- Assigned task -
Please repeat only the lines below starting at the line that holds "con San Juan." and ending at the line that holds "Vin alb sec", exactly, with both of those lines included and every picture omitted.

Records drawn from a dataset
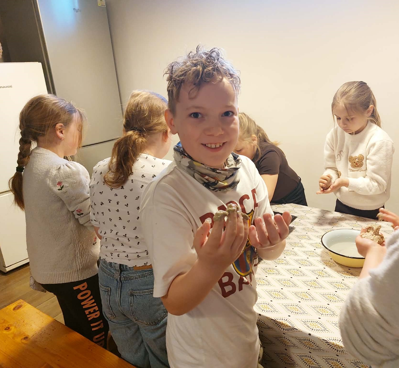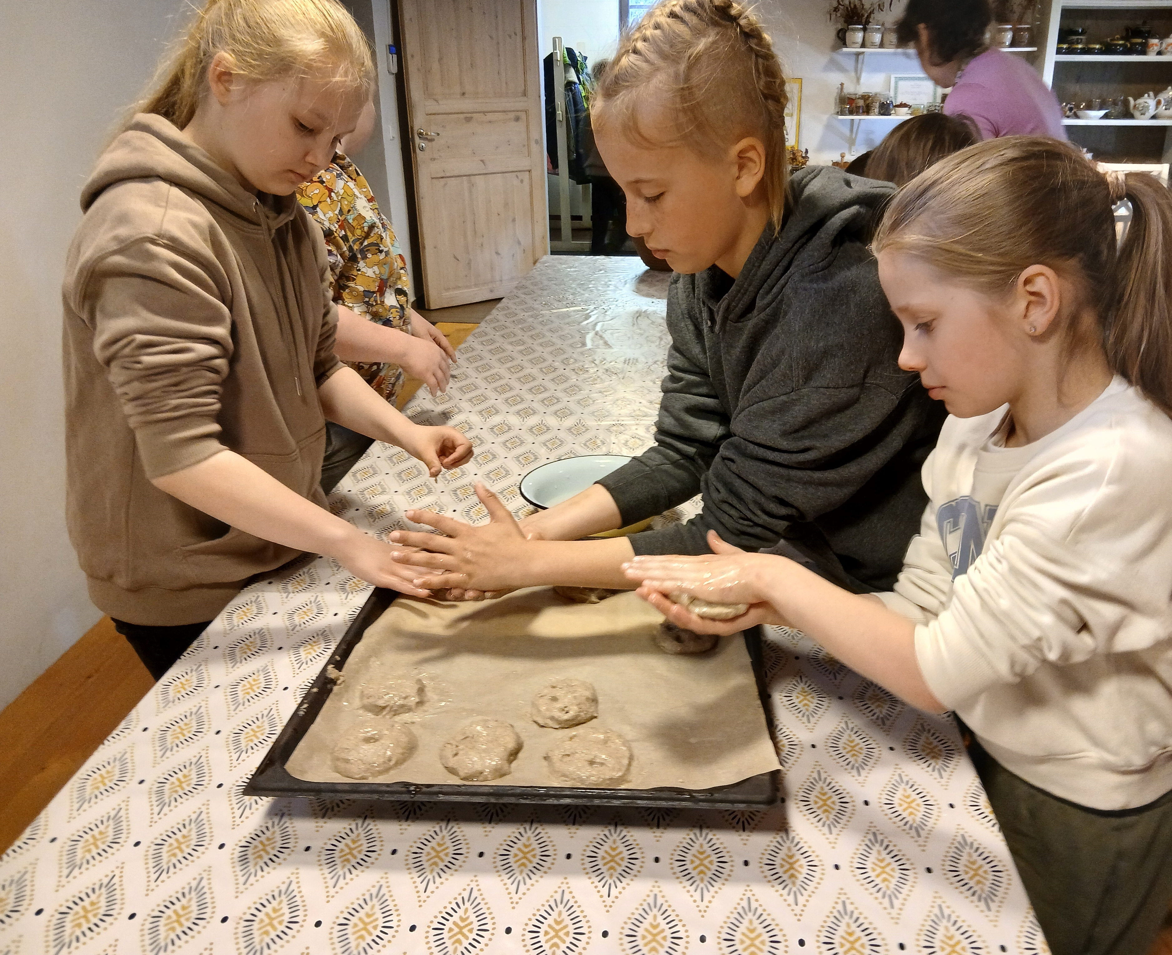 Tutvusime ajaloolise leivateo traditsioonidega ning läbisime teekonna viljaterast rukkileivani. Koos proovisime esivanemate kombel kootidega vilja peksta ja tuulata, jahvatasime erinevate tööriistadega jahu ning õppisime leivataigna tegemist. Rääkisime leiva tervislikkusest, sellega seotud kommetest ning uskumustest. Iga osaleja sai ise vormida leivakaku ja valmistada võid. Külastasime ka talulauta, kus elasid erinevad kodulinnud, poni ja küülikud.
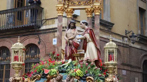 “No puede haber una prueba de amor más extrema y más grande que la de un Dios amortajado y envuelto en una sábana tras padecer una muerte de cruz tan humillante”, comentó el preceptivo pregón, en el que se explicó que “a Dios no le agradó la muerte por lo que padeció, sino por el amor con el que la vivió”. “Venga, María, vamos, que ese es el amor al que tú siempre nos quieres acercar desde tu maternal y dulce regazo”, se animó a la Dolorosa”, que comenzó a caminar hasta su encuentro con San Juan.
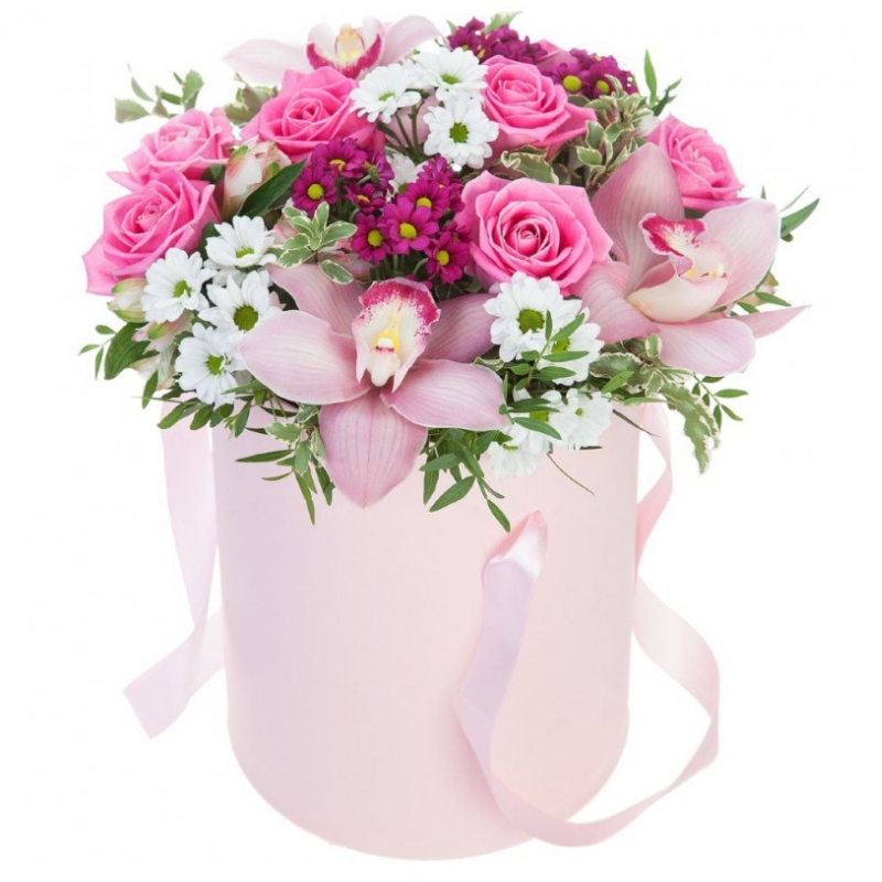 Букет состоит из 7 розовых роз, 3 орхидеи, 6 веток кустовой хризантемы, зелень, коробка, оазис.
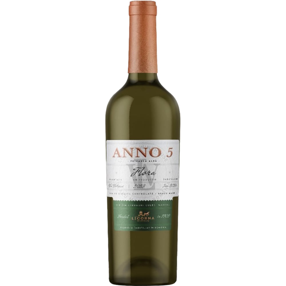 Vin alb sec Licorna Anno 5 Feteasca Alba Flora, 0.75L
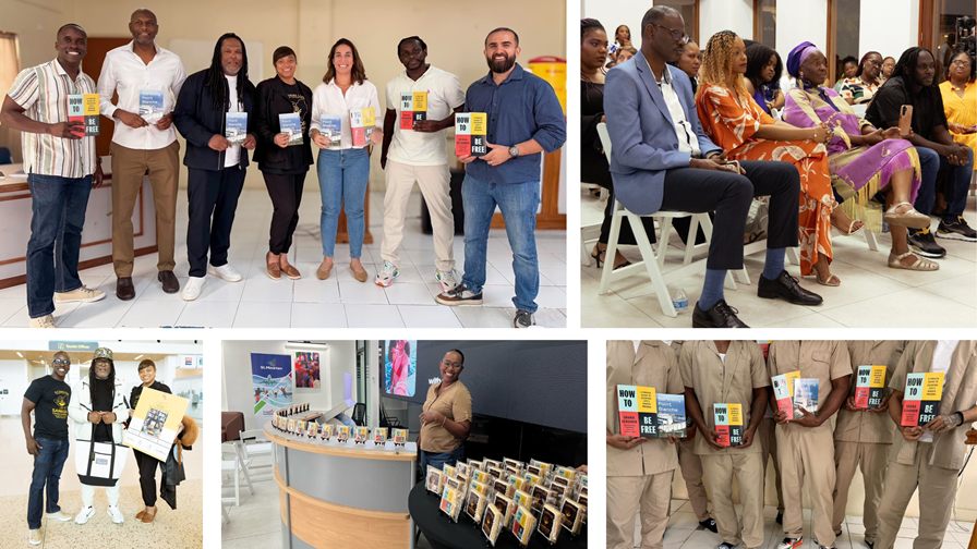 During the visit, Mr. Senghor spoke with two groups of incarcerated individuals and distributed copies of How to Be Free. Mr. Alesco E. Violenes, author of Surviving Point Blanche Prison, also shared his personal experiences with participants. In total, 100 books were donated to the detention center, ensuring that every incarcerated individual on the island will receive a copy as a resource for reflection, personal growth, and transformation.
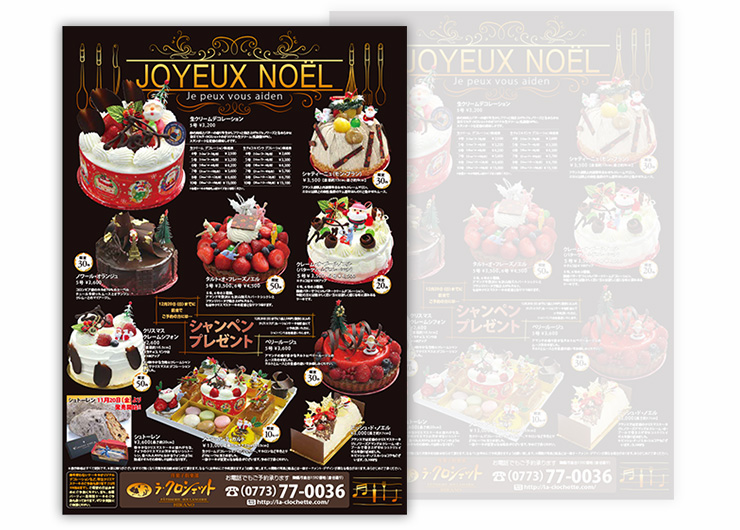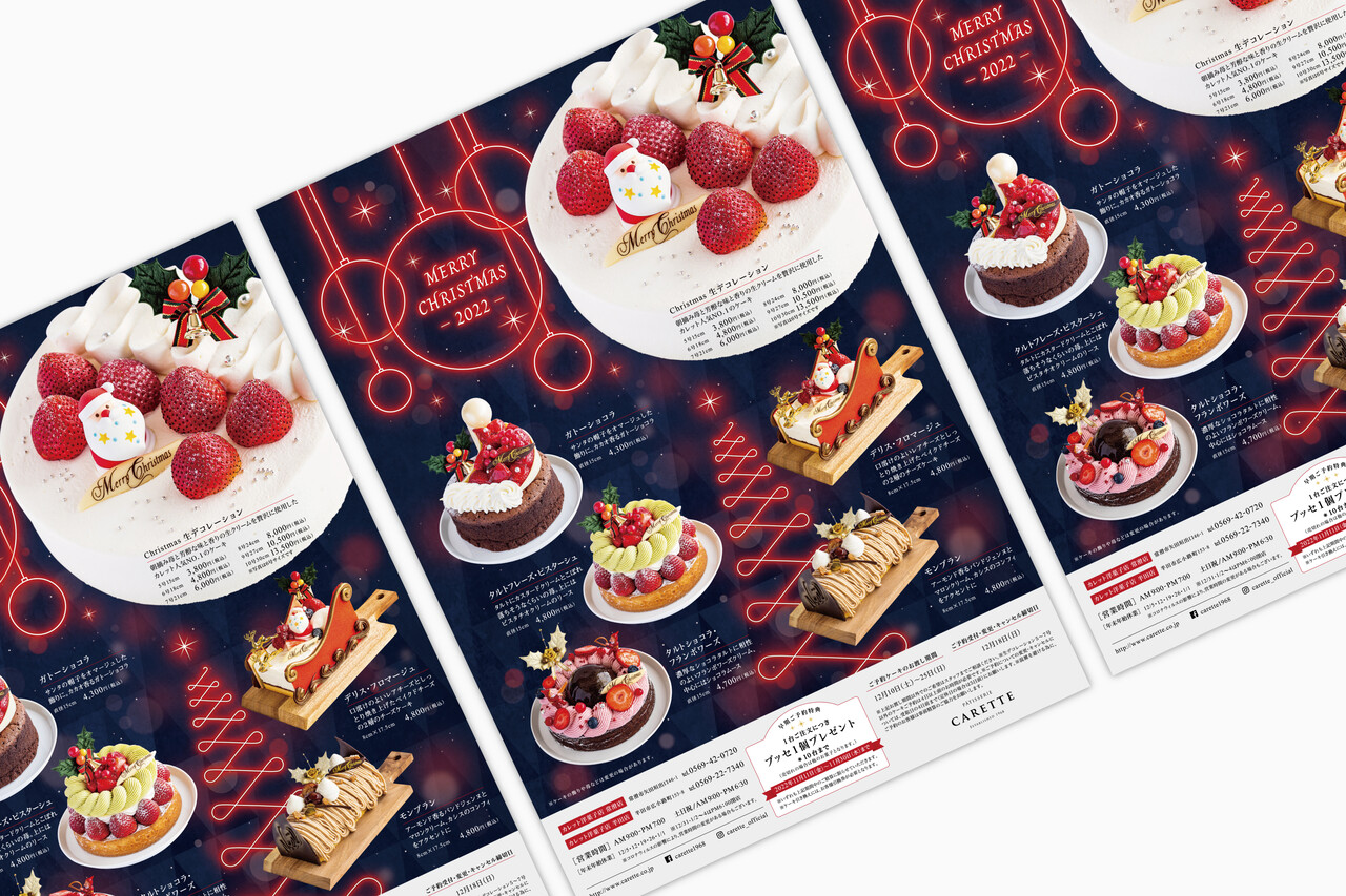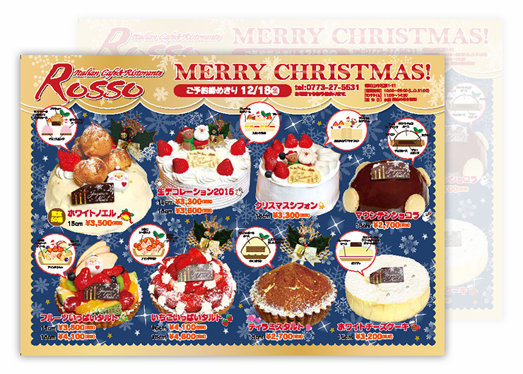 Rosso様のクリスマスケーキフライヤーパンフレット制作しチャオ。
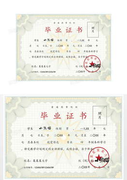 唯美花边普通高校毕业证书
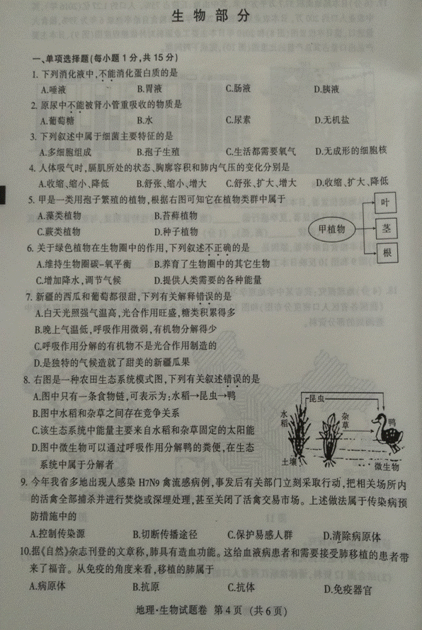 “人生處處是考場(chǎng),今日各為中考忙。斗智斗勇齊亮相,得失成敗走一場(chǎng)??紙?chǎng)瀟灑不虛枉,多年以后話滄桑!”2017年江西南昌中考生物科目考試已落下帷幕,中考頻道在考后第一時(shí)間提供2017年江西南昌中考生物試卷、南昌中考生物答案解析,供廣大考生參考估分。預(yù)祝各位考生取得優(yōu)異的成績(jī),順利考入理想的高中!稍后我們也將提供江西南昌中考成績(jī)查詢、中考分?jǐn)?shù)線,敬請(qǐng)關(guān)注!
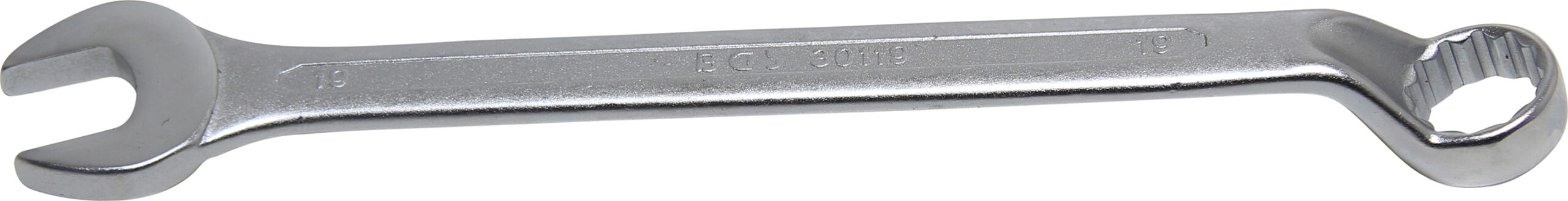 kalt geschmiedet matt verchromt Ringende tief gekröpft Abtriebsprofil Ringseite Zwölfkant Technische Daten Länge 255 mm Bruttogewicht 200 g Schlüsselweite 2 19 mm Material Chrom-Vanadium-Stahl KopfKöpfe gekröpft Ja Schlüsselweite 1 19 mm
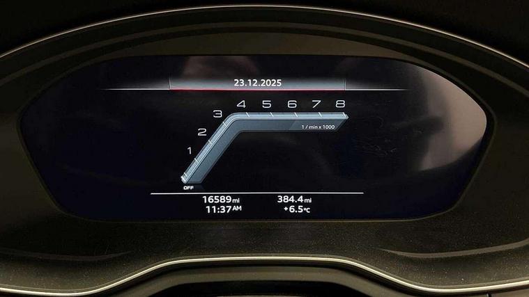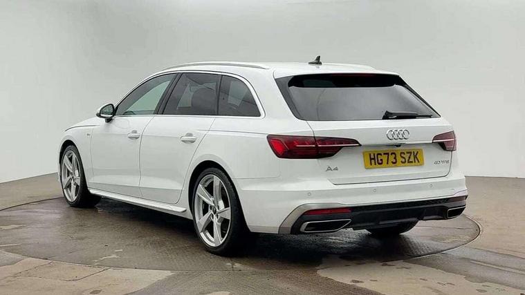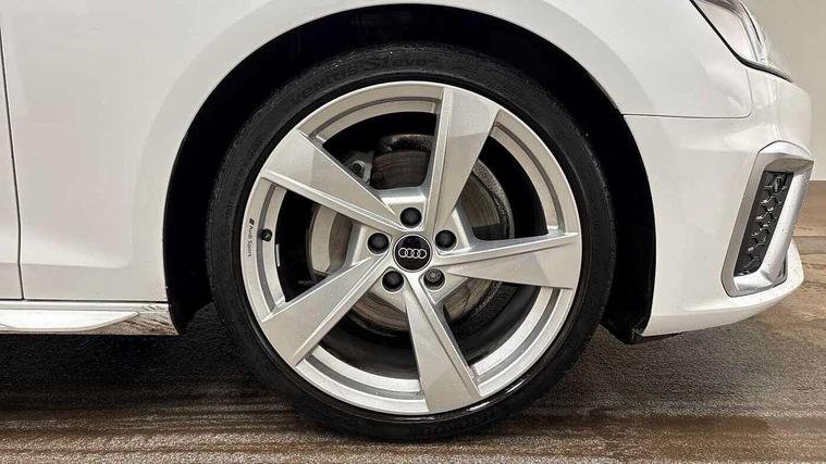 Audi connect safety and service (e-call), Audi drive select, Audi smartphone interface, Audi virtual cockpit, Automatic start-stop system with coasting functionality and efficiency programme, Bluetooth interface, Camera based traffic sign recognition, Electromechanical power steering, Email, calendar and text messages displayed via MMI, Front and rear parking sensors, Lane departure warning, MMI Navigation plus with MMI touch includes 10.1" high resolution colour MMI display, 3D map, Power operated tailgate, Rear view camera, Voice control system, 54 litre fuel tank, Sports suspension lowered by 23mm, 2 USB charging ports, 8 passive loudspeakers, DAB digital radio reception, Aluminium roof rails, Auto dimming rear view mirror, Body colour door handles, Body colour front spoiler lip, Body colour side sill trim, Body coloured door mirrors, Electric adjustable/heated/folding door mirrors with auto dimming, Grained matt black side air inlets with matt aluminium silver inlay, High beam assistant, Honeycomb structure radiator grille in grained matt black, LED headlights with LED rear lights + dynamic rear indicators + headlight adjustment and high beam, turning light + LED daytime running lights, LED third brake light, Matt aluminium silver tailpipe trim, Privacy glass, Rain and light sensors, Rear side wing doors, Rear wiper, S Line badges on the front wings, S line front and rear bumpers with side skirts, S Line rear diffuser in matt anthracite black with trim strip in matt aluminium silver, S Line roof edge spoiler, Variable intermittent front wash/wipe, Windscreen with acoustic glazing, 3 spoke high multi-function sports leather steering wheel grips in perforated leather with S badging including paddle shift, 4 way electric lumbar support for driver and front passenger, 40/20/40 split folding 3 rear seat bench in 3 parts with rear centre armrest, Black carpets, Black cloth headlining, Black perforated leather gearknob, Contrast stitching on seats, steering wheel and gear lever gaiter, Deluxe 3 zone electronic climate control, Electric load area cover, Front and rear head restraints, Front centre armrest, Heated front seats, Illuminated door sill trims with S logo, ISOFIX child seat mounting and top tether, Manual seat adjustment, Single front passenger seat, Stainless steel pedals and foot rest, High gloss package - A4, LED Interior light pack - A4/S4, 3 rear seatbelts, 6 airbags - Driver, front passenger, curtain and side windows, Attention and drowsiness assist, Electronic Stabilisation Control (ESC) including ABS, ASR and EDL, Hill hold assist, Multi collision brake assist, Pop-up bonnet for pedestrian protection, Pre sense city, Rear door child safety locks, Seatbelt monitoring, Warning triangle and first aid kit, Anti theft alarm, Anti theft wheel bolts, Central locking, Keyless Go, Matt brushed aluminium inlays, Tool kit, Tyre repair kit,
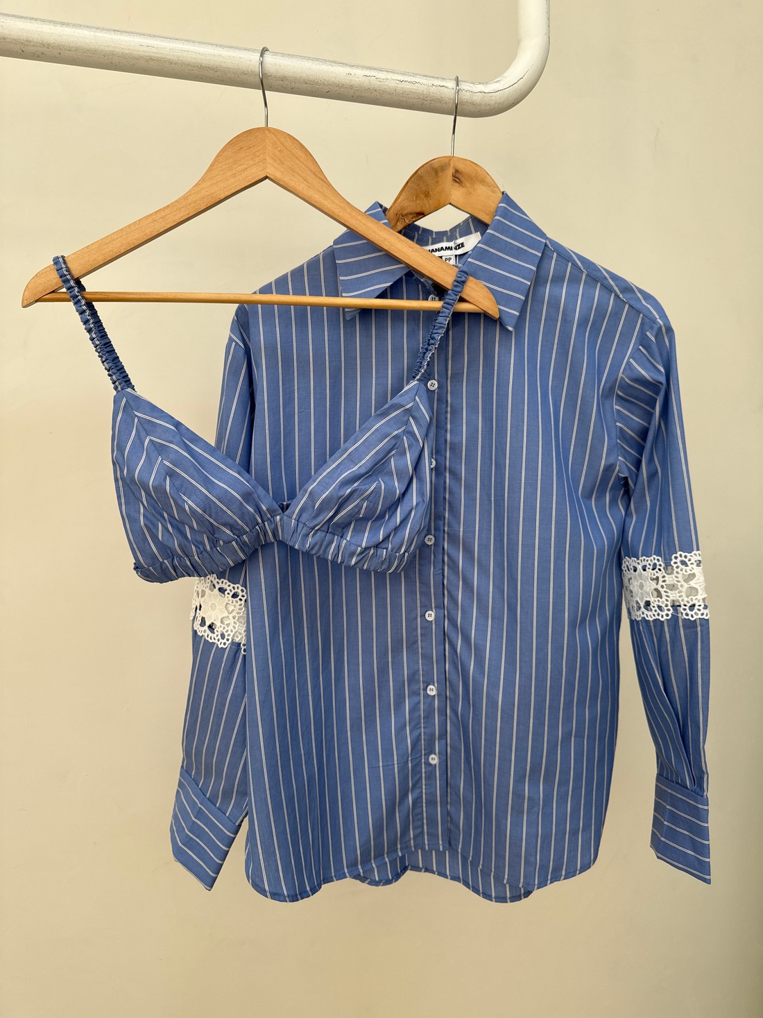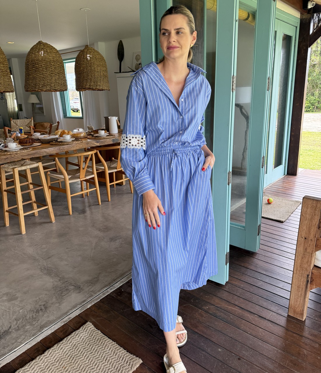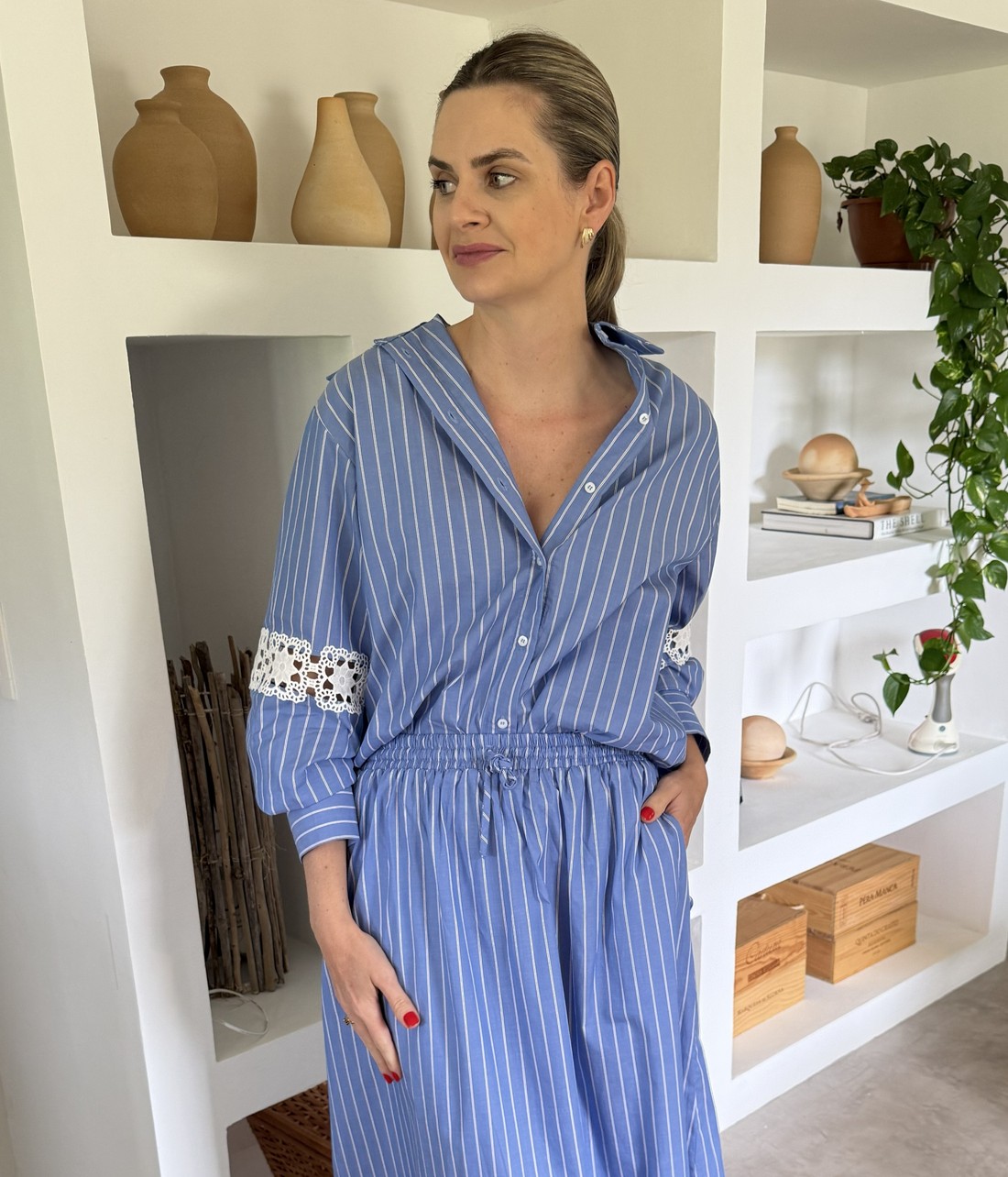 Confeccionado em tricoline de risca, a Camisa com Risca Naomi une a elegância do clássico com um toque moderno e artesanal. O tecido tem leve estrutura, toque suave e uma padronagem atemporal que alonga a silhueta e reforça o visual sofisticado. A camisa acompanha um top com elástico nas alças e na barra, garantindo conforto e ajuste perfeito ao corpo. A camisa tem gola francesa, com fechamento por botões, mangas longas com detalhe em renda e comprimento levemente alongado, criando uma silhueta equilibrada, leve e refinada.

- Result of this exercise -
 “No puede haber una prueba de amor más extrema y más grande que la de un Dios amortajado y envuelto en una sábana tras padecer una muerte de cruz tan humillante”, comentó el preceptivo pregón, en el que se explicó que “a Dios no le agradó la muerte por lo que padeció, sino por el amor con el que la vivió”. “Venga, María, vamos, que ese es el amor al que tú siempre nos quieres acercar desde tu maternal y dulce regazo”, se animó a la Dolorosa”, que comenzó a caminar hasta su encuentro con San Juan.
 Букет состоит из 7 розовых роз, 3 орхидеи, 6 веток кустовой хризантемы, зелень, коробка, оазис.
 Vin alb sec Licorna Anno 5 Feteasca Alba Flora, 0.75L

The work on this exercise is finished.